Robust EBITDA/tonne of INR 1,084
With overall cost per tonne at INR 2,829 declining 3% Q-o-Q, EBITDA/tonne was
an impressive INR 1,084, up 74% Q-o-Q. With negligible clinker purchase from
external sources during the quarter, raw material cost dipped 6% Q-o-Q per
tonne. Power & fuel cost, at INR 854/tonne, declined 3.5% Q-o-Q on account of
low cost coal inventory and increased efficiencies from new plants. Factoring the
30% increase in the cost of domestic coal and 16% Q-o-Q increase in cost of
imported coal, we expect power & fuel cost at INR 1,035/tonne for CY11, up
21% from Q1CY11.
Expansion update
ACL is yet to place order for the proposed 2.2 mtpa clinkerisation project in
Rajasthan.
Outlook and valuations: Expensive; maintain ‘REDUCE’

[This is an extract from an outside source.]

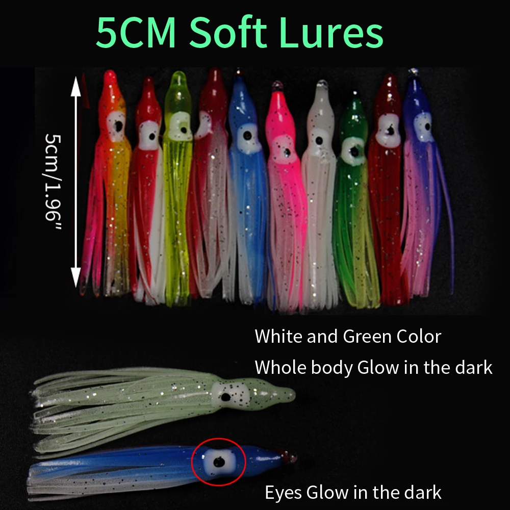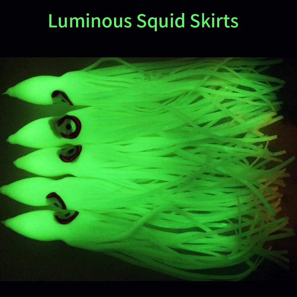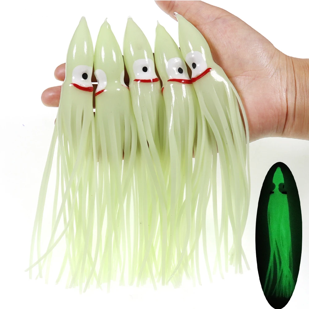 Faldas luminosas de calamar de 5-18cm, señuelo suave para pesca nocturna, señuelo de pesca, pulpo brillante, cebo Artificial de goma para pesca en agua salada

With visible benefits of production discipline in Q4FY11, we expect companies to
be rational and estimate firm pricing environment over the next two years.
However, at CMP, the stock trades at expensive valuations of 8.9x CY12E
EV/EBITDA. We maintain ‘REDUCE’ recommendation on the stock with ‘Sector
Underperformer’ rating. We value the stock at 7.3x CY12E EV/EBITDA
(average one-year forward EV/EBITDA for past 10 years), which leads to a price
target of INR 133 per share, implying 16% downside potential.